Securing a PyTorch MLOps Pipeline on Azure with Jenkins and JWT-based Workload Identity

DevSecOps

Word Count: 2.5k

Read Times: 15 Min

Our PyTorch model deployment pipeline was functional but carried a significant security liability. It relied on a long-lived Azure Service Principal secret stored directly in Jenkins Credentials. During a routine security audit, this was flagged as a critical vulnerability. A compromised Jenkins instance meant an attacker could extract this credential, granting them persistent, and often overly broad, access to our Azure environment. The mandate was clear: eliminate static, long-lived cloud credentials from our CI/CD system entirely.

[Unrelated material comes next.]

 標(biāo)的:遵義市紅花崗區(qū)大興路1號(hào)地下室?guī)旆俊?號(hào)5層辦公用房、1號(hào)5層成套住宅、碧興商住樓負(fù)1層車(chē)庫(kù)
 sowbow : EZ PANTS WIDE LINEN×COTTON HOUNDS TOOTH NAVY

The initial thought was to rotate secrets more frequently using Azure Key Vault. However, this only shifts the problem. The Jenkins pipeline would still need an initial secret to authenticate to the Key Vault. The core issue of a stored credential remains. A more fundamental change was required. We decided to pursue a “passwordless” architecture leveraging Azure’s Workload Identity Federation. The concept is to establish a trust relationship between our Jenkins instance (acting as an OpenID Connect provider) and Azure Active Directory. This allows Jenkins to issue a short-lived JSON Web Token (JWT) for a specific pipeline run, which Azure then exchanges for a temporary, narrowly-scoped Azure access token. No secrets are stored, and access is ephemeral by design.

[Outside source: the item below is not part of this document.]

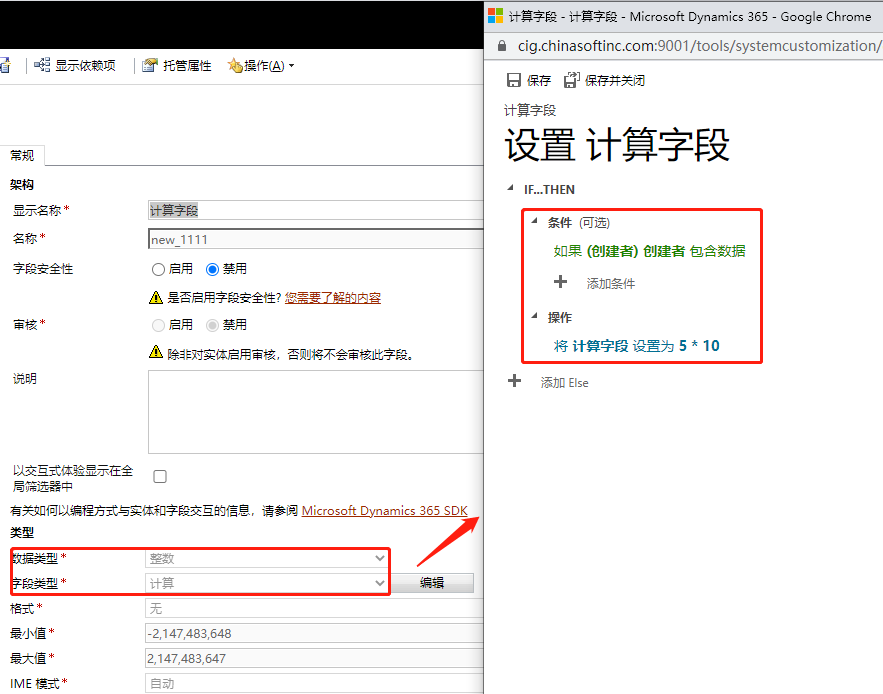 如果設置了計算字段類型的話可以對字段設置計算規則,圖中表示的是如果創建者不為空則字段值為5*10.

The architecture centers on four components: Jenkins, which orchestrates the pipeline and issues OIDC JWTs; Azure, which provides the target infrastructure and identity management; PyTorch, the payload being delivered; and the JWT, the cryptographic glue enabling this secure handshake. We selected Azure Kubernetes Service (AKS) as our deployment target due to its robust ecosystem for serving containerized models and Azure Container Registry (ACR) for storing our versioned model images. The entire process hinges on correctly configuring the federated trust between the Jenkins OIDC provider and a User-Assigned Managed Identity in Azure, which will be granted the precise, minimal permissions required for the deployment.

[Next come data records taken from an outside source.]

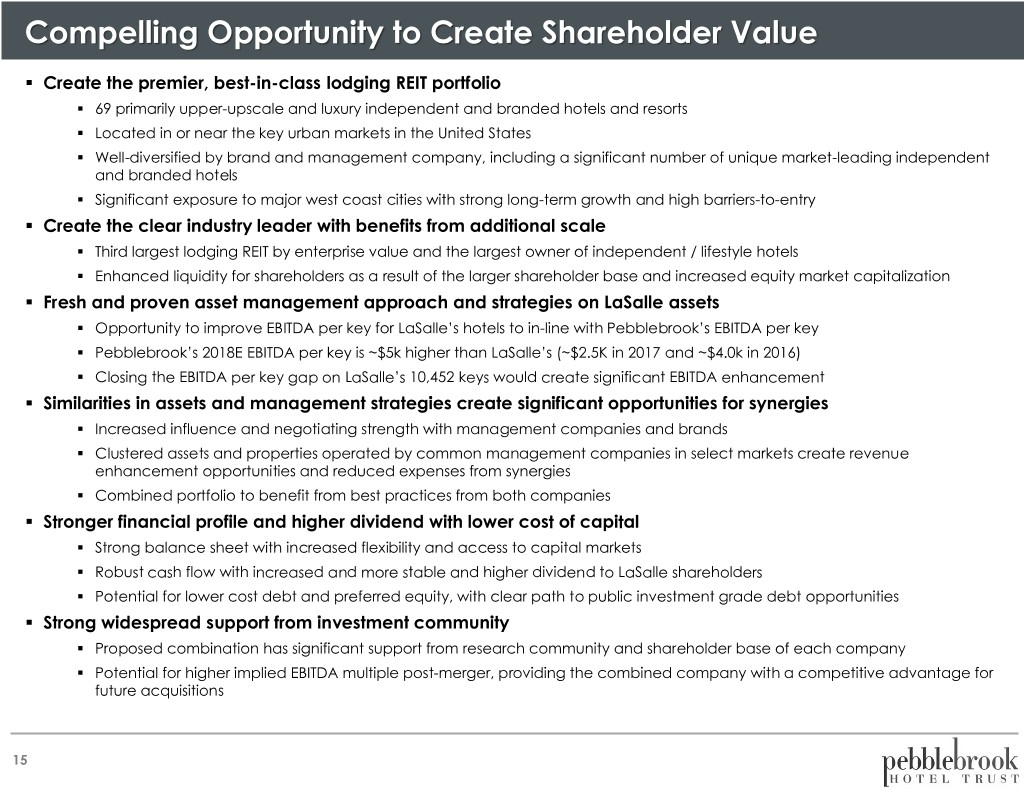 .2 Pebblebrook Hotel Trust Delivering Superior Value to LaSalle Hotel Properties Shareholders 1 August 2018
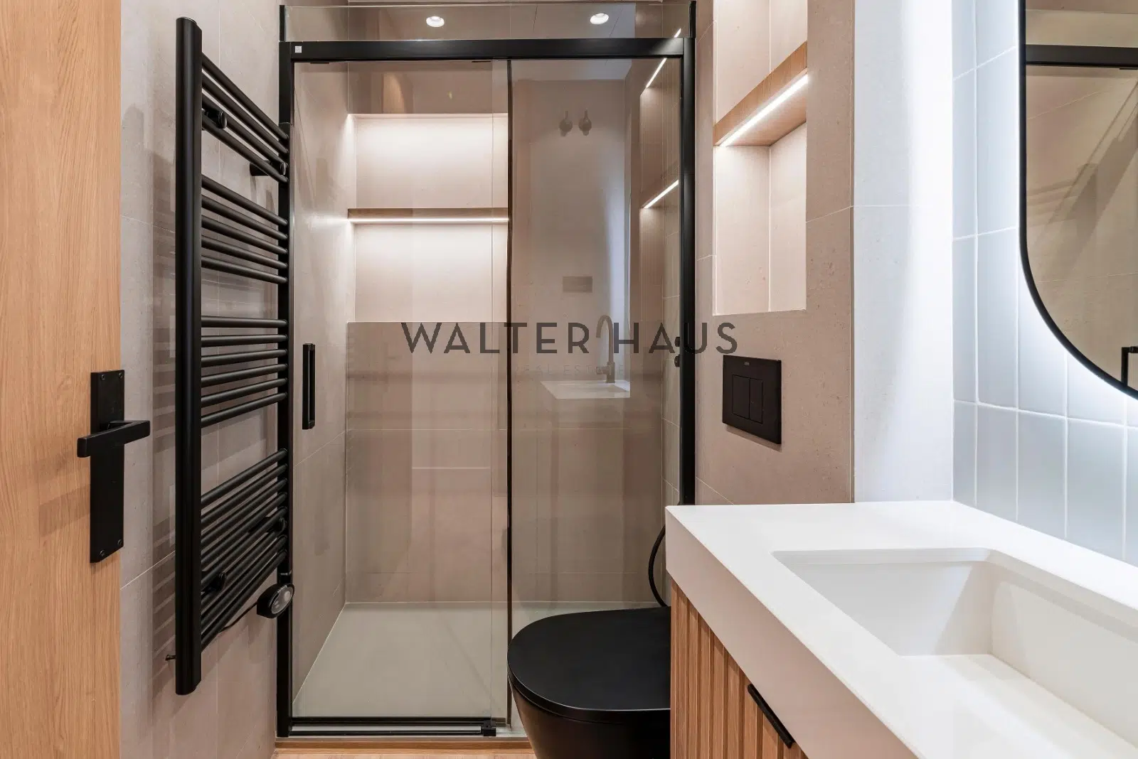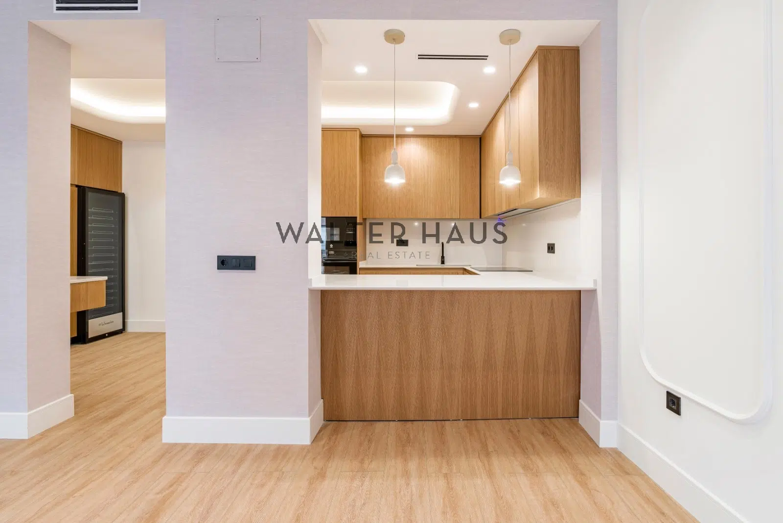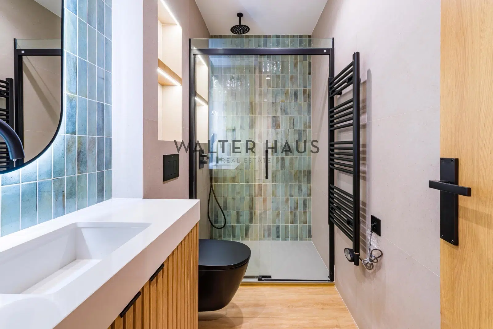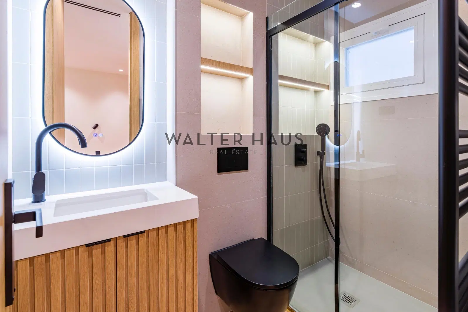 En cuanto a los detalles técnicos y constructivos, la reforma ha sido ejecutada con materiales de alta calidad. El piso dispone de tres amplias habitaciones, cada una de ellas configurada con baño en suite para asegurar la total privacidad de sus habitantes. La zona social se integra armoniosamente con una cocina de diseño moderno, completamente equipada con electrodomésticos de última generación. Los suelos de madera natural recorren toda la propiedad, aportando un carácter único y una calidez excepcional a cada estancia, mientras que el sistema de climatización por conducto garantiza una temperatura ideal en cualquier época del año.
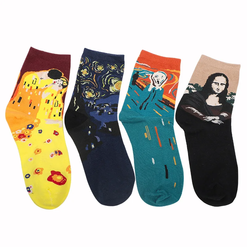 EIOISAPRA1 пара модных мягких носков высокого качества для мужчин и женщин с креативным принтом Ван Гога Мона Лиза, унисекс
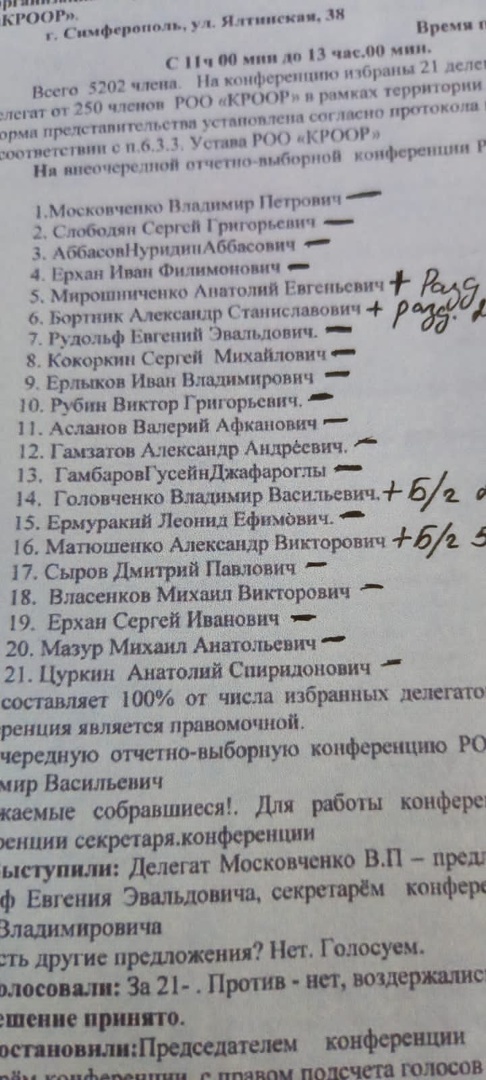 Пусть руководители районных филиалов обратятся в территориальные органы ФСБ. Может быть у этой кучки псевдо-делегатов так называемой "конференции" совсем другая цель? Судя по её "делегатам "(и видео где "благодарные жители феодосии благодарят своего благодетеля", и ещё некой организации КРЫМСКАЯ РЕСПУБЛИКАНСКАЯ ОБЩЕСТВЕННАЯ ОРГАНИЗАЦИЯ ПО ПРОТИВОДЕЙСТВИЮ КОРРУПЦИИ "НАРОДНЫЙ КОНТРОЛЬ" кто в её составе, и кто из этой организации был "выдвинут" (непонятно кем) так называемым "делегатом конференции" а потом "избран" в "правление". Да, и обратите внимание кто является замом у Рудольф Е.Э. ("заместителя правления"). Нужно придать этому беспределу максимальную огласку, правда она ОДНА и я думаю все кто принимал участие в этой афере - УЖЕ ОЧЕНЬ СОЖАЛЕЮТ(кроме "нового председателя" судя по определению суда за №33а-4869\2020), и не один здравомыслящий чиновник не захочет прикрывать эти махинации!

Phase 1: Establishing the Trust Anchor in Azure

Before Jenkins can talk to Azure, the Azure environment must be configured to trust it. This involves creating the target infrastructure and, most critically, the identity components. In a real-world project, this setup should be managed via Infrastructure as Code (e.g., Terraform), but for clarity, the raw Azure CLI commands demonstrate the underlying mechanics.

The first step is setting up the necessary resources: a resource group, the container registry, and the Kubernetes cluster.

# Set environment variables for consistency
export RESOURCE_GROUP="pytorch-secure-pipeline-rg"
export LOCATION="eastus"
export ACR_NAME="pytorchsecureacr$(openssl rand -hex 4)"
export AKS_NAME="pytorch-secure-aks"
export MANAGED_IDENTITY_NAME="jenkins-deployer-identity"

# Create Resource Group
az group create --name $RESOURCE_GROUP --location $LOCATION

# Create Azure Container Registry
az acr create \
  --resource-group $RESOURCE_GROUP \
  --name $ACR_NAME \
  --sku Basic \
  --admin-enabled false # Best practice: disable admin user

# Create AKS Cluster
# Note: In production, use a more robust configuration with networking specifics
az aks create \
  --resource-group $RESOURCE_GROUP \
  --name $AKS_NAME \
  --node-count 1 \
  --generate-ssh-keys \
  --enable-managed-identity

With the infrastructure in place, the core identity configuration begins. We need a User-Assigned Managed Identity that our Jenkins job will assume. This identity will be granted permissions, not the Jenkins server itself.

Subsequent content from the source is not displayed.